INSTRUCTIONS FOR THE TASK: Transcribe every entry exactly, leaving out any pictures.

====== MATERIAL FOR THE TASK ======

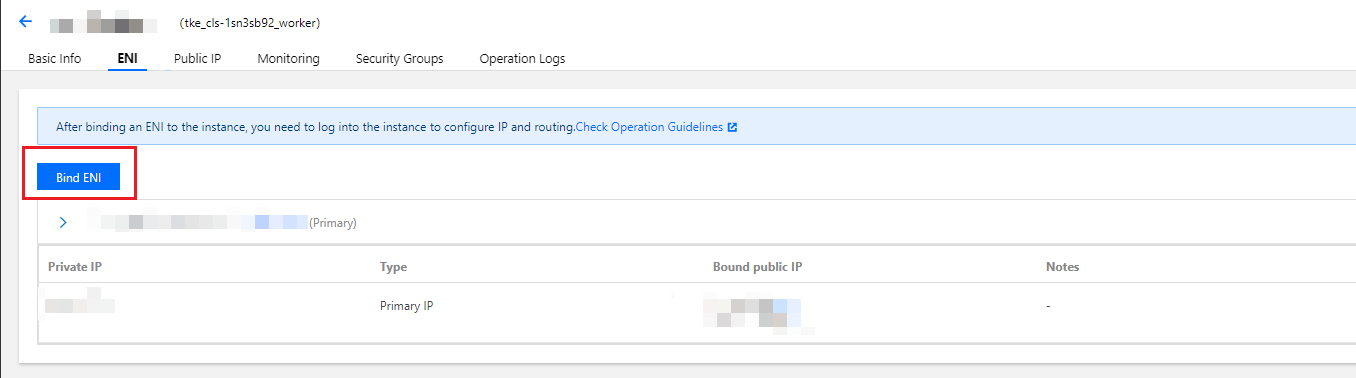 3. Pilih tab ENI (ENI), lalu klik Bind ENI (Ikat ENI) untuk membuat ENI yang berada di subnet yang sama dengan ENI primer.
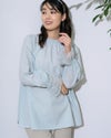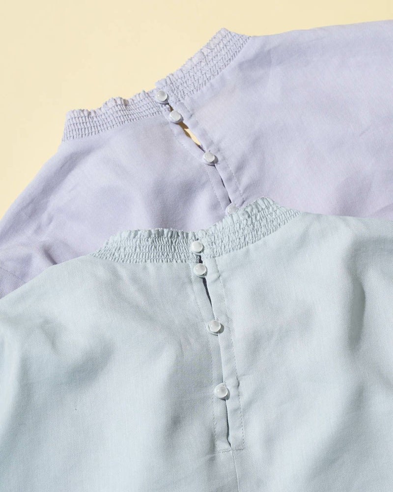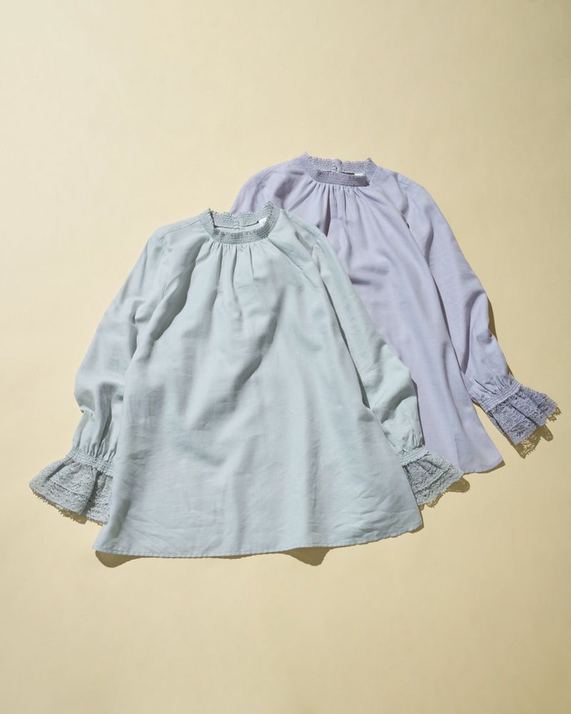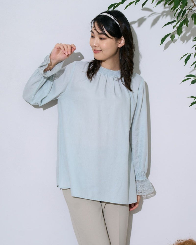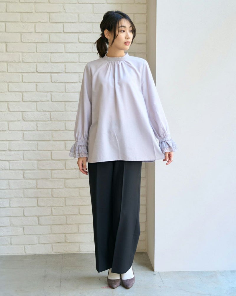 細かくツイルに織られた生地は、ほのかに光沢もありナチュラルすぎないところが魅力。滑らかですが身体のラインを拾いすぎないソフトタッチな被りのブラウス。少し立ち上げた襟と袖口に施したシャーリングで生地に立体感が足され華やかさも一緒に纏えるアイテム。ジャケットやカーディガンとの相性も良く、オフィス使いにおすすめ。優しい春カラーでパールを添えて謝恩会など親しい方とのパーティでお召しになっても素敵です。 モデル身長: 166 cm 着用サイズ: M サイズ Golden Bear White Label (WOMEN) ブラウス (WOMEN) 【着用アイテム】468R1150 ショートトレンチコート 468R1750 ストレートパンツ 468R2750 テーパードパンツ
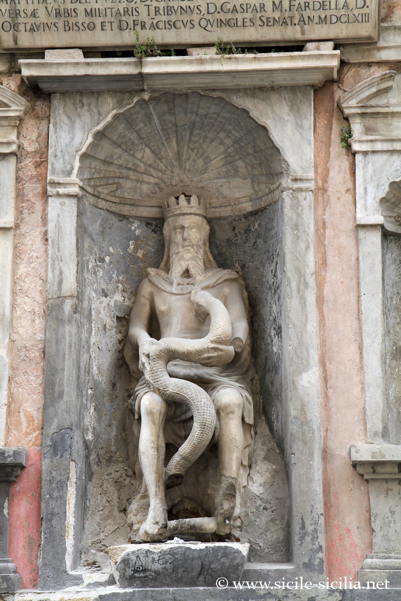 Créée par Pietro de Bonitate en 1483, c’est une des sept principales représentations du Génie de Palerme, ancienne divinité tutélaire, protecteur laïc et emblème de la ville. Étant le plus grand de ceux-ci, il est aussi désigné dans le dialecte local comme Palermu lu Grandi. Une autre plus petite, Palermu lu Nicu (le petit), se trouve notamment dans le Palazzo Pretorio, siège de la mairie.
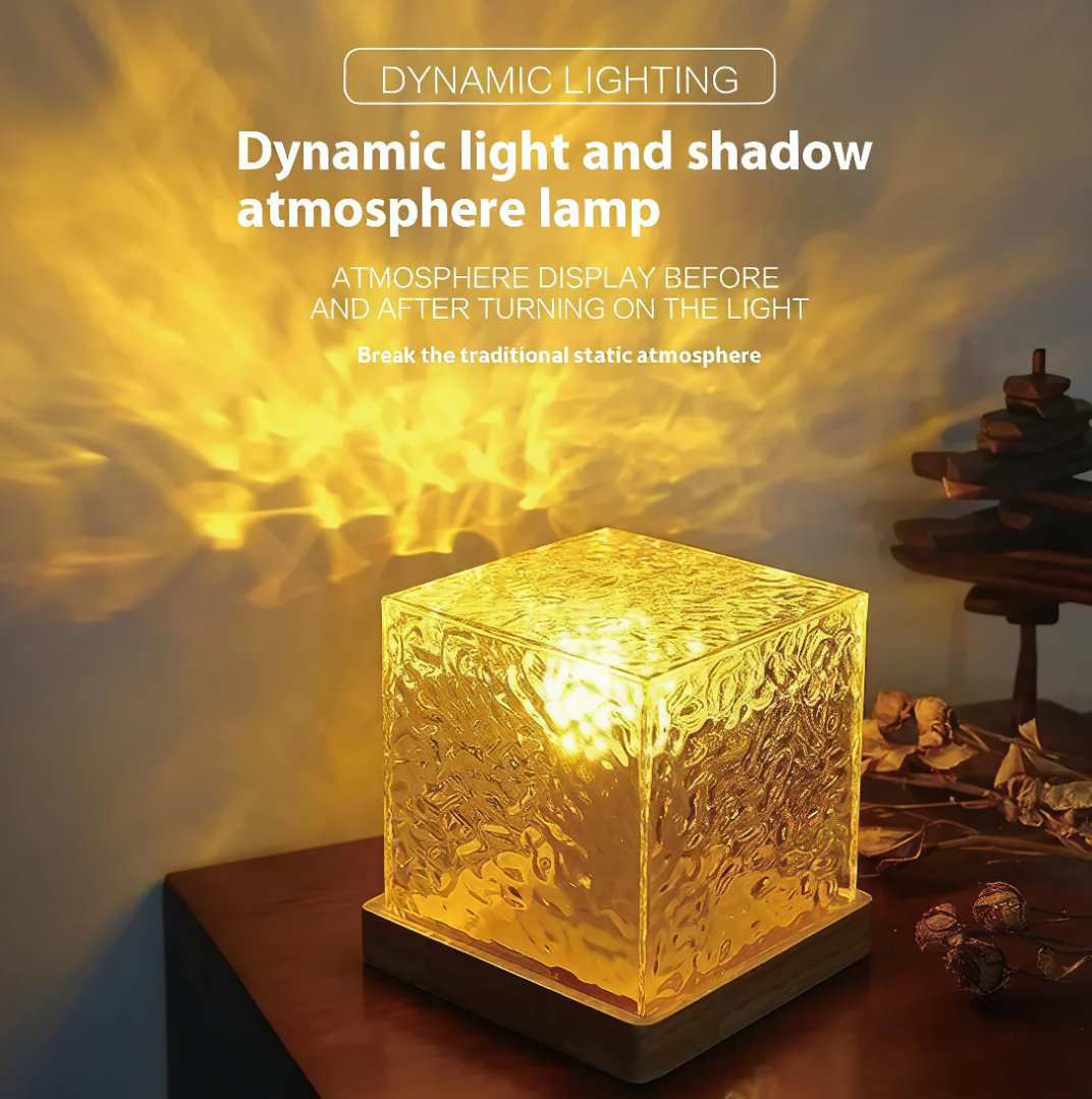 Create a peaceful and modern atmosphere in any room with the Wave-Effect Cube Lamp, a stunning LED ambient light that brings the beauty of soft, moving water reflections into your home. Its hypnotic wave-light effect transforms your space into a calm and relaxing sanctuary, ideal for bedrooms, living rooms, offices, or meditation areas.
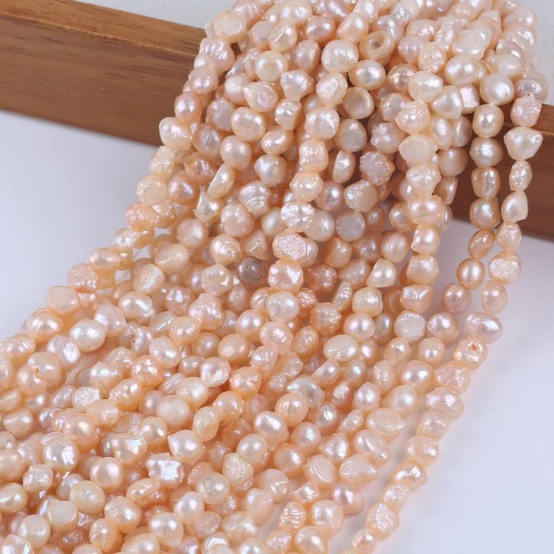 Zhuji Natural Freshwater Baroque Pearl String 18cm 6-7mm Two Sides with Side Holes Loose Pearls for DIY Jewelry

======

EXERCISE RESPONSE:
 3. Pilih tab ENI (ENI), lalu klik Bind ENI (Ikat ENI) untuk membuat ENI yang berada di subnet yang sama dengan ENI primer.
 細かくツイルに織られた生地は、ほのかに光沢もありナチュラルすぎないところが魅力。滑らかですが身体のラインを拾いすぎないソフトタッチな被りのブラウス。少し立ち上げた襟と袖口に施したシャーリングで生地に立体感が足され華やかさも一緒に纏えるアイテム。ジャケットやカーディガンとの相性も良く、オフィス使いにおすすめ。優しい春カラーでパールを添えて謝恩会など親しい方とのパーティでお召しになっても素敵です。 モデル身長: 166 cm 着用サイズ: M サイズ Golden Bear White Label (WOMEN) ブラウス (WOMEN) 【着用アイテム】468R1150 ショートトレンチコート 468R1750 ストレートパンツ 468R2750 テーパードパンツ
 Créée par Pietro de Bonitate en 1483, c’est une des sept principales représentations du Génie de Palerme, ancienne divinité tutélaire, protecteur laïc et emblème de la ville. Étant le plus grand de ceux-ci, il est aussi désigné dans le dialecte local comme Palermu lu Grandi. Une autre plus petite, Palermu lu Nicu (le petit), se trouve notamment dans le Palazzo Pretorio, siège de la mairie.
 Create a peaceful and modern atmosphere in any room with the Wave-Effect Cube Lamp, a stunning LED ambient light that brings the beauty of soft, moving water reflections into your home. Its hypnotic wave-light effect transforms your space into a calm and relaxing sanctuary, ideal for bedrooms, living rooms, offices, or meditation areas.
 Zhuji Natural Freshwater Baroque Pearl String 18cm 6-7mm Two Sides with Side Holes Loose Pearls for DIY Jewelry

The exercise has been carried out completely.